This demos the 0+ syntax in the formula mini-language in R. (This is what you use to define models with the lm function.)
First, go get your data and check it out.
remotes::install_github("allisonhorst/palmerpenguins")
## Skipping install of 'palmerpenguins' from a github remote, the SHA1 (aee26b51) has not changed since last install.
## Use `force = TRUE` to force installation
library(palmerpenguins)
data(package = 'palmerpenguins')
data(penguins)
names(penguins)
## [1] "species" "island" "bill_length_mm"
## [4] "bill_depth_mm" "flipper_length_mm" "body_mass_g"
## [7] "sex"
levels(penguins$species)
## [1] "Adelie" "Chinstrap" "Gentoo"
Without 0+, this chooses one of the species to be a reference group. The other species are compared against this ref group.
mod1 <- lm(bill_length_mm~species, data=penguins)
summary(mod1)
##
## Call:
## lm(formula = bill_length_mm ~ species, data = penguins)
##
## Residuals:
## Min 1Q Median 3Q Max
## -7.9338 -2.2049 0.0086 2.0662 12.0951
##
## Coefficients:
## Estimate Std. Error t value Pr(>|t|)
## (Intercept) 38.7914 0.2409 161.05 <2e-16 ***
## speciesChinstrap 10.0424 0.4323 23.23 <2e-16 ***
## speciesGentoo 8.7135 0.3595 24.24 <2e-16 ***
## ---
## Signif. codes: 0 '***' 0.001 '**' 0.01 '*' 0.05 '.' 0.1 ' ' 1
##
## Residual standard error: 2.96 on 339 degrees of freedom
## (2 observations deleted due to missingness)

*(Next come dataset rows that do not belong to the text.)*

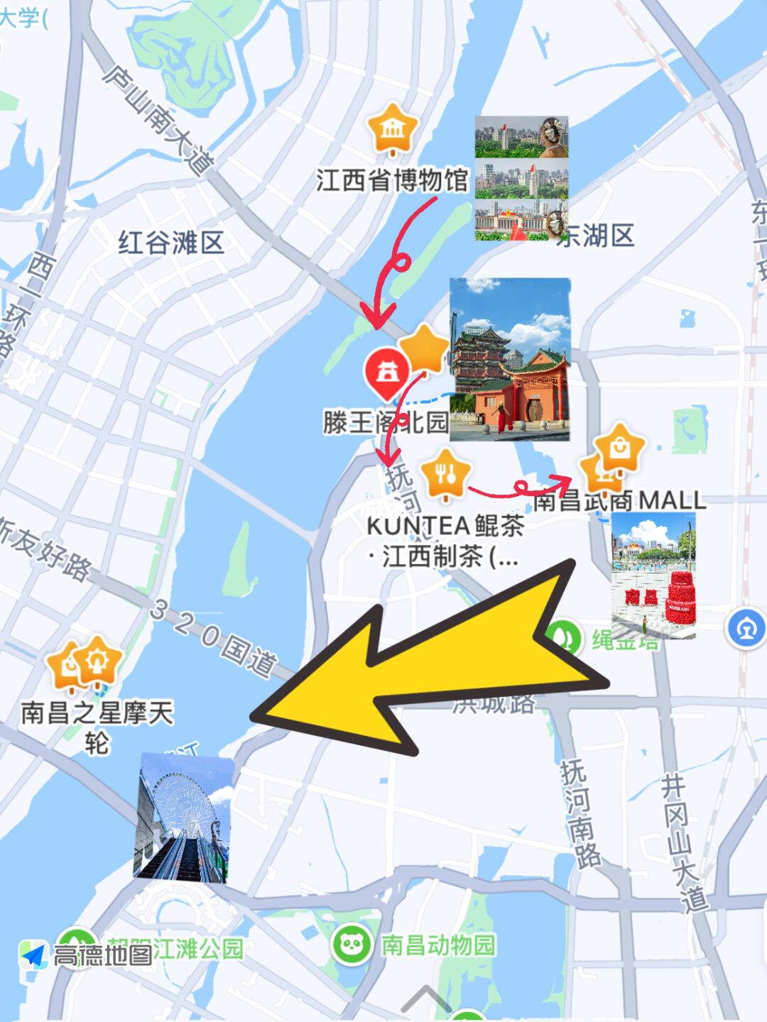 大士院➡️江西省博物馆➡️八一广场➡️万寿宫➡️滕王阁➡️南昌之星➡️万象城
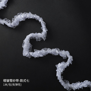 新品褶皱雪纱丝带鲜花束装饰蕾丝花边带diy手工配饰材料花艺缎带
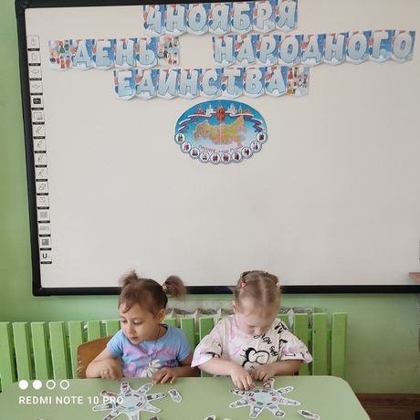 В преддверии «Дня народного единства» с целью воспитания в детях патриотических чувств, любви к Родине, гордости за ее достижения, уверенности в том, что Россия – великая многонациональная страна, с героическим прошлым и счастливым будущим. В группе «Радуга» прошли тематические мероприятия, в доступной форме дети познакомились с историей возникновения праздника, познакомились с народами, населяющими нашу страну, национальными костюмами, закрепили знания о государственном флаге. Ребята играли в национальные игры, танцевали и слушали песни о дружбе, а также сделали праздничные открытки, которые подарили своим родителям.

## Multiple R-squared: 0.7078, Adjusted R-squared: 0.7061
## F-statistic: 410.6 on 2 and 339 DF, p-value: < 2.2e-16
The predicted bill length for Adelie species:
coef(mod1)[1]
## (Intercept)
## 38.79139
The predicted bill length for the chinstrap species:
coef(mod1)[1] + coef(mod1)[2]
## (Intercept)
## 48.83382
The predicted bill length for the Gentoo species:
coef(mod1)[1] + coef(mod1)[3]
## (Intercept)
## 47.50488
With 0+, we have no reference group. We just get the predicted bill length for each species.
mod2 <- lm(bill_length_mm~ 0+ species, data=penguins)
summary(mod2)
##
## Call:
## lm(formula = bill_length_mm ~ 0 + species, data = penguins)
##
## Residuals:
## Min 1Q Median 3Q Max
## -7.9338 -2.2049 0.0086 2.0662 12.0951
##
## Coefficients:
## Estimate Std. Error t value Pr(>|t|)
## speciesAdelie 38.7914 0.2409 161.0 <2e-16 ***
## speciesChinstrap 48.8338 0.3589 136.1 <2e-16 ***
## speciesGentoo 47.5049 0.2669 178.0 <2e-16 ***
## ---
## Signif. codes: 0 '***' 0.001 '**' 0.01 '*' 0.05 '.' 0.1 ' ' 1
##
## Residual standard error: 2.96 on 339 degrees of freedom
## (2 observations deleted due to missingness)
## Multiple R-squared: 0.9956, Adjusted R-squared: 0.9955
## F-statistic: 2.538e+04 on 3 and 339 DF, p-value: < 2.2e-16
Here are the predicted bill lengths for each species:
coef(mod2)
## speciesAdelie speciesChinstrap speciesGentoo
## 38.79139 48.83382 47.50488
You can see the predictions end up being the same either way. It’s just how you want to talk about the predictions. mod1 is particularly useful if the goal is compare Chinstrap and Gentoo against Adelie. mod2 is particularly useful if we don’t care about the comparison (if we just care about each species’ bill length).
It can be useful to say: “I am 5’9” and my brother is 6’" Or it can be useful to say “I am 5’9” and my brother is 3 inches taller than me." The two statements say the same thing (you can figure out my brother is 6feet tall by adding 3 inches to 5foot9). The second way (“I am 5’9” and my brother is 3 inches taller than me.“) uses me as a reference group. The first message (”I am 5’9" and my brother is 6’“) has no such reference group. Finally, we could make my brother the reference group by saying:”My brother is 6 feet tall and I’m 3 inches shorter than him."